## PROVIDED DATA
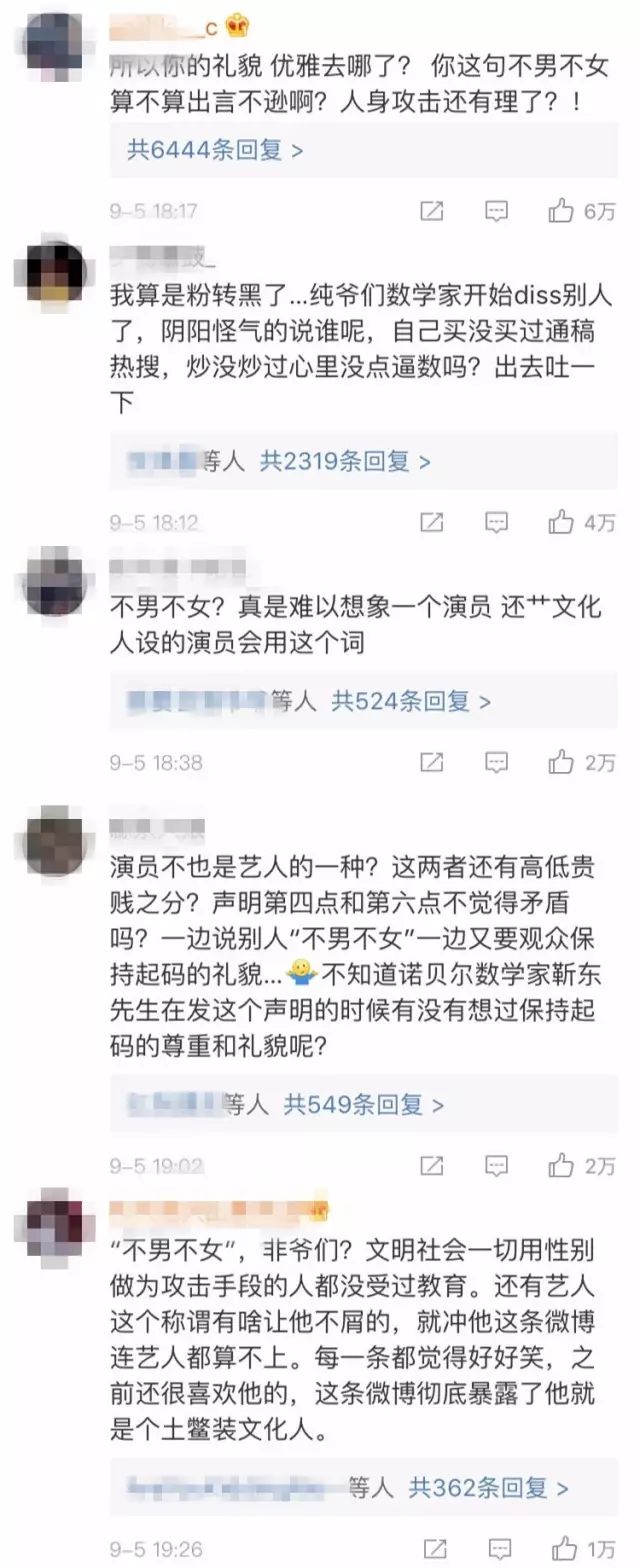 先不说靳东哪里来的优越感认为演员比艺人高贵,也不说他和正午阳光到底存不存在经纪合约。光是攻击别人“不男不女”就让大家很费解了。
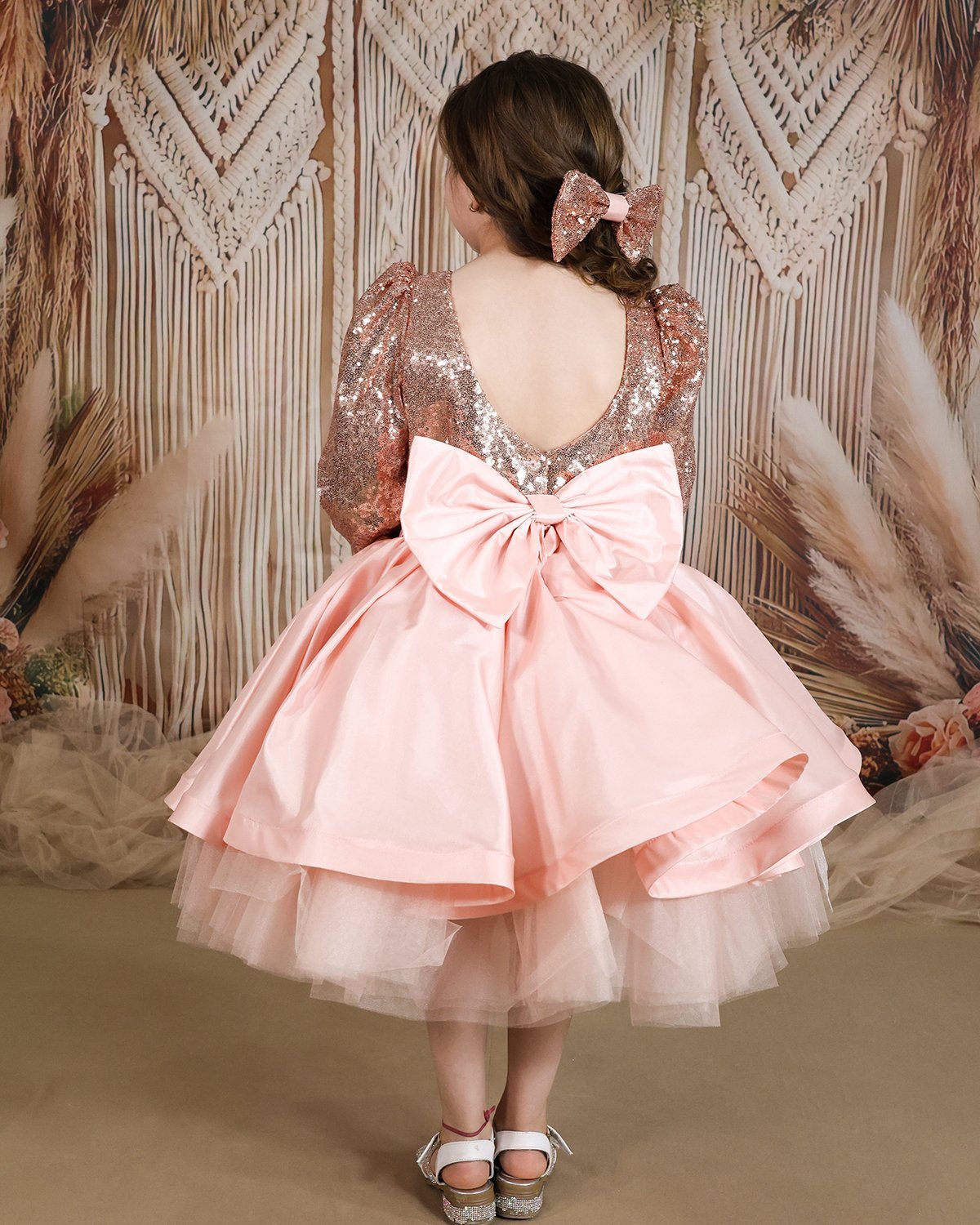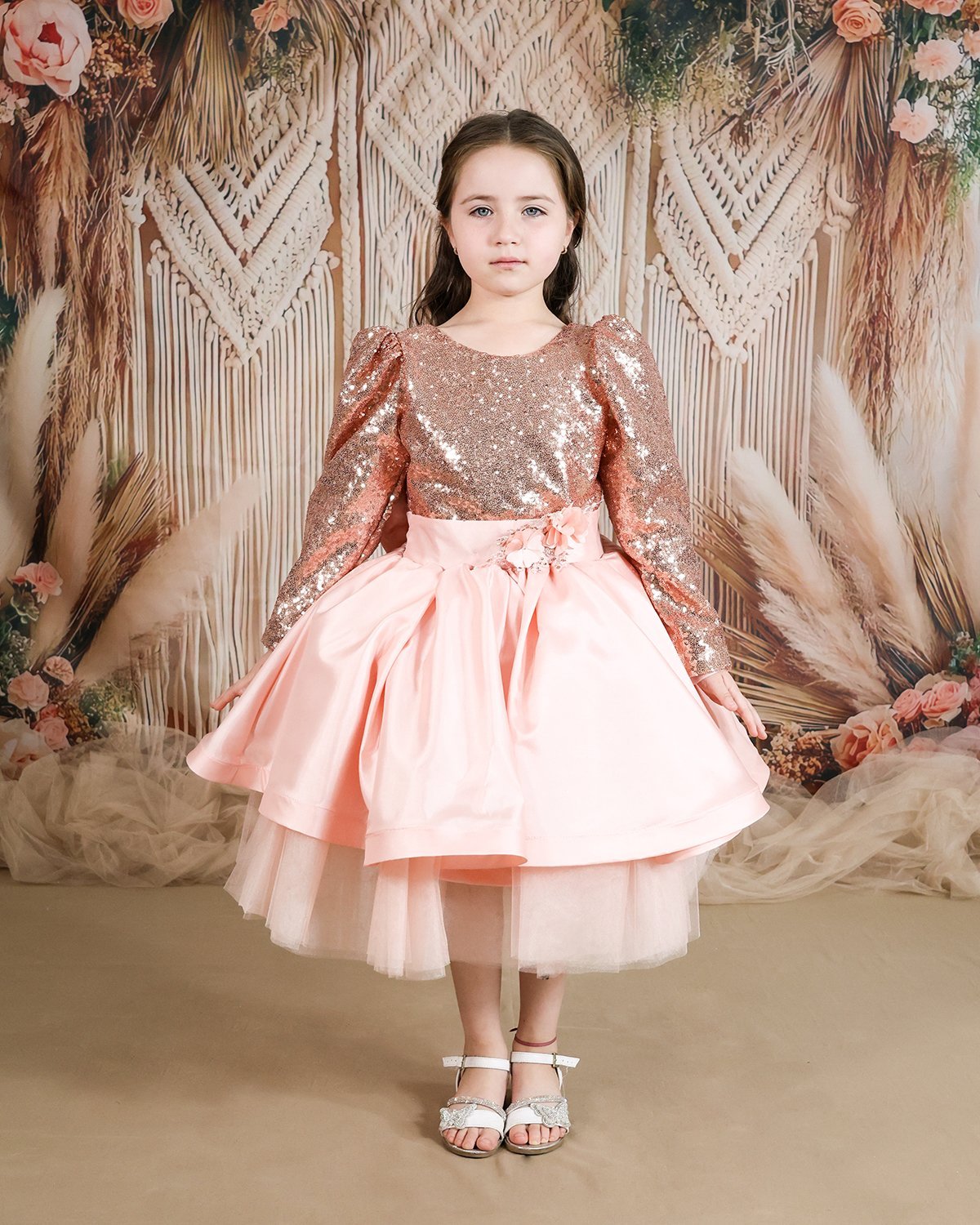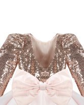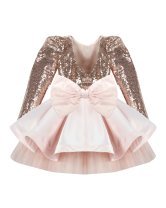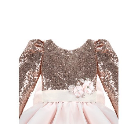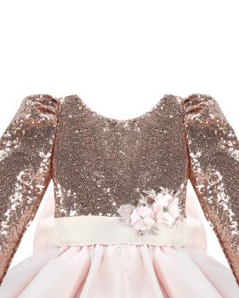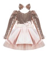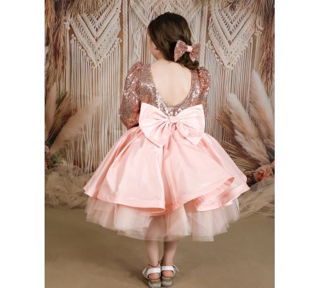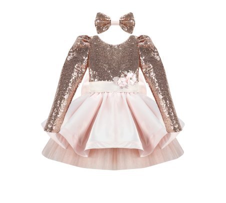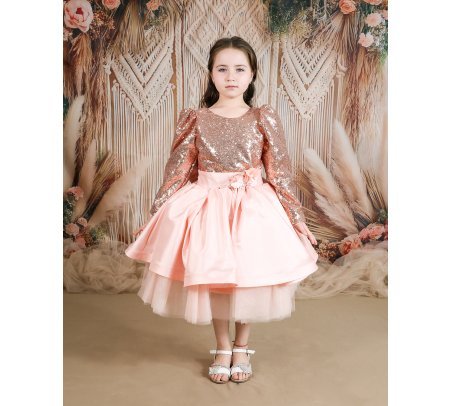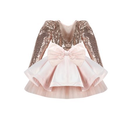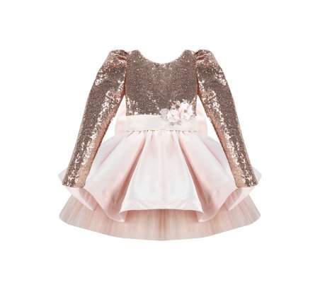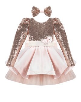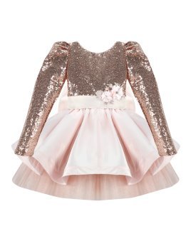 Short dress for girls with sequin blouse and fine tulle skirt with taffeta overlay.
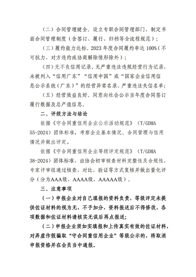 為貫徹落實(shí)《中共中央辦公廳 國務(wù)院辦公廳印發(fā)〈關(guān)于推進(jìn)社會信用體系建設(shè)高質(zhì)量發(fā)展促進(jìn)形成新發(fā)展格局的意見〉的通知》(中辦發(fā)〔2022〕25號)精神,以及廣東省委省政府關(guān)于深化信用體系建設(shè)的決策部署,進(jìn)一步規(guī)范市場秩序、優(yōu)化營商環(huán)境,促進(jìn)我省信用體系建設(shè),助力“百千萬工程”高質(zhì)量發(fā)展和粵港澳大灣區(qū)建設(shè),根據(jù)《守合同重信用企業(yè)公示活動規(guī)范》(T/GDMA 55-2024)、《守合同重信用企業(yè)等級評定規(guī)范》(T/GDMA 38-2024)兩項(xiàng)團(tuán)體標(biāo)準(zhǔn),我會現(xiàn)啟動2023年度“守合同重信用企業(yè)”公示及等級評定兩項(xiàng)工作。有關(guān)事項(xiàng)通知如下:
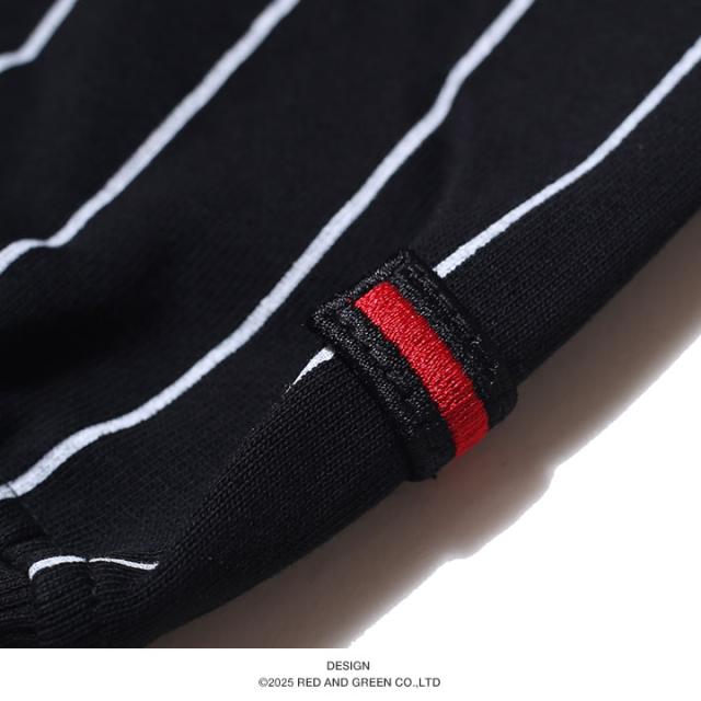 左袖には、創業時から変わらない赤いラインをモチーフとしたブランドロゴ刺繍を配置。
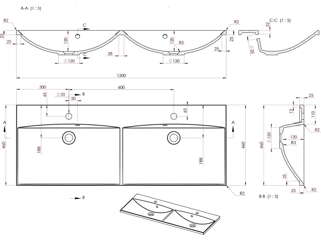 Sapho MARIA dvojumyvadlo, litý mramor, 120x46cm, bílá MA120
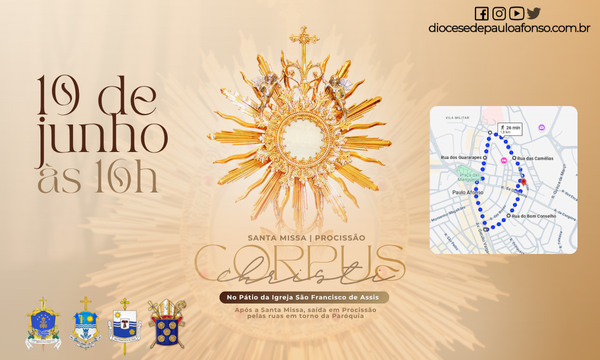A Santa Missa será presidida na Paróquia São Francisco e marcará um momento de profunda espiritualidade, adoração e manifestação pública da fé no mistério da Eucaristia. Após a Celebração Eucarística, os fiéis seguirão em procissão pelas ruas, conduzindo o Santíssimo Sacramento, em um gesto de amor e reverência ao Corpo e Sangue de Cristo.
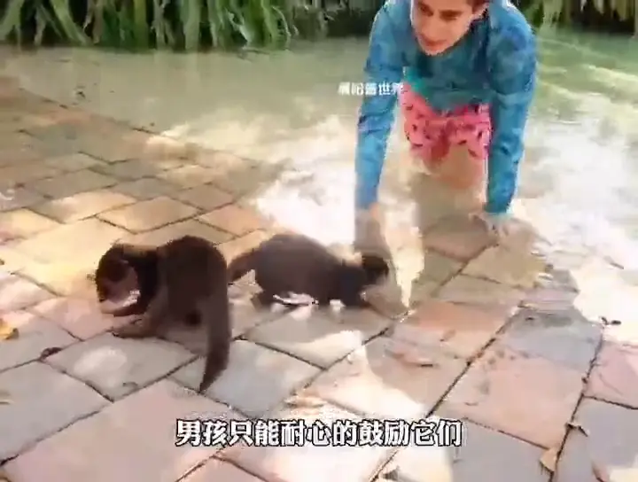 为了让它们尽快适应外界生活,男孩每天都会带它们外出。可两只小水獭胆子出奇的小,一有动静就害怕的往男孩身边靠。为了锻炼它们的胆量,男孩将它们放进了水池里。起初两只水獭还是有点害怕,完全没有半点水生动物该有的样子。直到往里面丢了一个玩具球,两只小家伙才尽情的玩耍起来,足足玩了两小时还不肯起来。
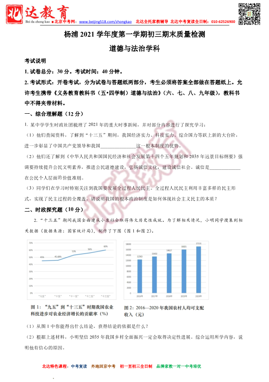 2022年上海市金山区中考一模道德与法治试题(图)
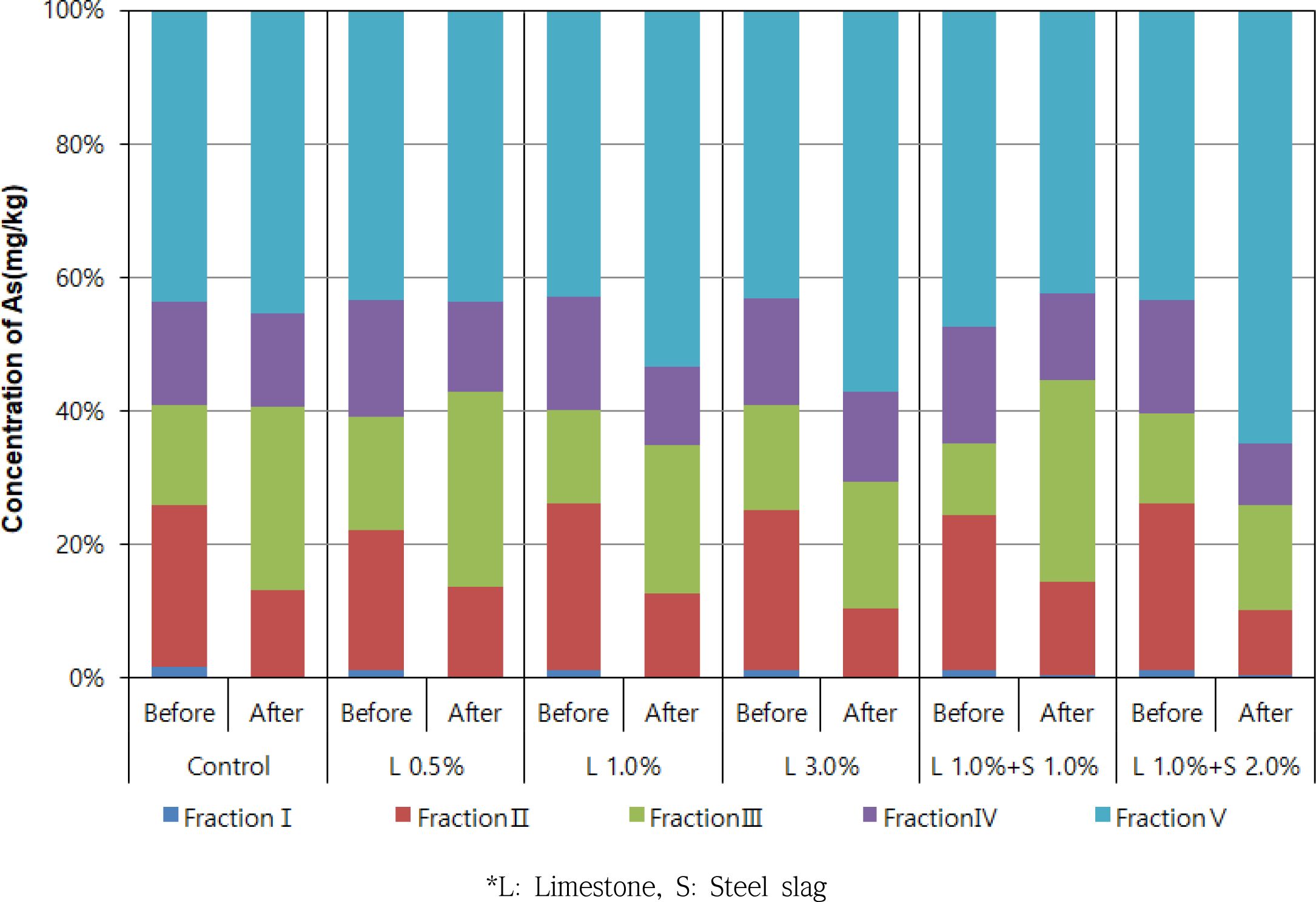답 토양에 대한 실험 전 As의 연속추출 결과들을 종합해 보면 Fraction 1의 형태가 1~2%의 분포 비율을 보이고 있으며, Fraction 2의 경우 21~25%, Fraction 3의 경우 11~17% Fraction 4 및 5의 형태는 16~18% 및 43~ 47%를 보이고 있어 결정구조 내에 강하게 결합되어 있는 Fraction 5(residual As)의 비율이 가장 높은 것으로 평가되었다(Fig. 3). 다양한 안정화제를 적용하여 벼 작물 재배 후 연속추출을 수행한 결과, 식물 이용 가능성이 높은 Fraction 1과 Fraction 2의 결합 형태가 감소하고 Fraction 3의 형태가 증가한 것으로 평가되었다. 이러한 결과를 좀 더 구체적으로 살펴보면, 무처리 대조군의 경우 실험 전과 후의 농도 차이는 Fraction 1과 2의 감소에 따른 영향으로 평가되었으며, 무처리에 비하여 Fraction 1과 2의 감소폭이 낮을수록 안정화 효율이 있는 것으로 평가할 수 있다. Fig. 4은 연속추출결과를 절대함량으로 도시한 그래프로 큰 차이는 보이지 않지만 무처리에 비해 L0.5%와 L1.0%+S1.0%에서 안정화 효율이 있는 것으로 평가되었다.

## TASK GOAL
Make an exact copy of every entry above, minus the images.

## EXERCISE OUTPUT
 先不说靳东哪里来的优越感认为演员比艺人高贵,也不说他和正午阳光到底存不存在经纪合约。光是攻击别人“不男不女”就让大家很费解了。
 Short dress for girls with sequin blouse and fine tulle skirt with taffeta overlay.
 為貫徹落實(shí)《中共中央辦公廳 國務(wù)院辦公廳印發(fā)〈關(guān)于推進(jìn)社會信用體系建設(shè)高質(zhì)量發(fā)展促進(jìn)形成新發(fā)展格局的意見〉的通知》(中辦發(fā)〔2022〕25號)精神,以及廣東省委省政府關(guān)于深化信用體系建設(shè)的決策部署,進(jìn)一步規(guī)范市場秩序、優(yōu)化營商環(huán)境,促進(jìn)我省信用體系建設(shè),助力“百千萬工程”高質(zhì)量發(fā)展和粵港澳大灣區(qū)建設(shè),根據(jù)《守合同重信用企業(yè)公示活動規(guī)范》(T/GDMA 55-2024)、《守合同重信用企業(yè)等級評定規(guī)范》(T/GDMA 38-2024)兩項(xiàng)團(tuán)體標(biāo)準(zhǔn),我會現(xiàn)啟動2023年度“守合同重信用企業(yè)”公示及等級評定兩項(xiàng)工作。有關(guān)事項(xiàng)通知如下:
 左袖には、創業時から変わらない赤いラインをモチーフとしたブランドロゴ刺繍を配置。
 Sapho MARIA dvojumyvadlo, litý mramor, 120x46cm, bílá MA120
A Santa Missa será presidida na Paróquia São Francisco e marcará um momento de profunda espiritualidade, adoração e manifestação pública da fé no mistério da Eucaristia. Após a Celebração Eucarística, os fiéis seguirão em procissão pelas ruas, conduzindo o Santíssimo Sacramento, em um gesto de amor e reverência ao Corpo e Sangue de Cristo.
 为了让它们尽快适应外界生活,男孩每天都会带它们外出。可两只小水獭胆子出奇的小,一有动静就害怕的往男孩身边靠。为了锻炼它们的胆量,男孩将它们放进了水池里。起初两只水獭还是有点害怕,完全没有半点水生动物该有的样子。直到往里面丢了一个玩具球,两只小家伙才尽情的玩耍起来,足足玩了两小时还不肯起来。
 2022年上海市金山区中考一模道德与法治试题(图)
답 토양에 대한 실험 전 As의 연속추출 결과들을 종합해 보면 Fraction 1의 형태가 1~2%의 분포 비율을 보이고 있으며, Fraction 2의 경우 21~25%, Fraction 3의 경우 11~17% Fraction 4 및 5의 형태는 16~18% 및 43~ 47%를 보이고 있어 결정구조 내에 강하게 결합되어 있는 Fraction 5(residual As)의 비율이 가장 높은 것으로 평가되었다(Fig. 3). 다양한 안정화제를 적용하여 벼 작물 재배 후 연속추출을 수행한 결과, 식물 이용 가능성이 높은 Fraction 1과 Fraction 2의 결합 형태가 감소하고 Fraction 3의 형태가 증가한 것으로 평가되었다. 이러한 결과를 좀 더 구체적으로 살펴보면, 무처리 대조군의 경우 실험 전과 후의 농도 차이는 Fraction 1과 2의 감소에 따른 영향으로 평가되었으며, 무처리에 비하여 Fraction 1과 2의 감소폭이 낮을수록 안정화 효율이 있는 것으로 평가할 수 있다. Fig. 4은 연속추출결과를 절대함량으로 도시한 그래프로 큰 차이는 보이지 않지만 무처리에 비해 L0.5%와 L1.0%+S1.0%에서 안정화 효율이 있는 것으로 평가되었다.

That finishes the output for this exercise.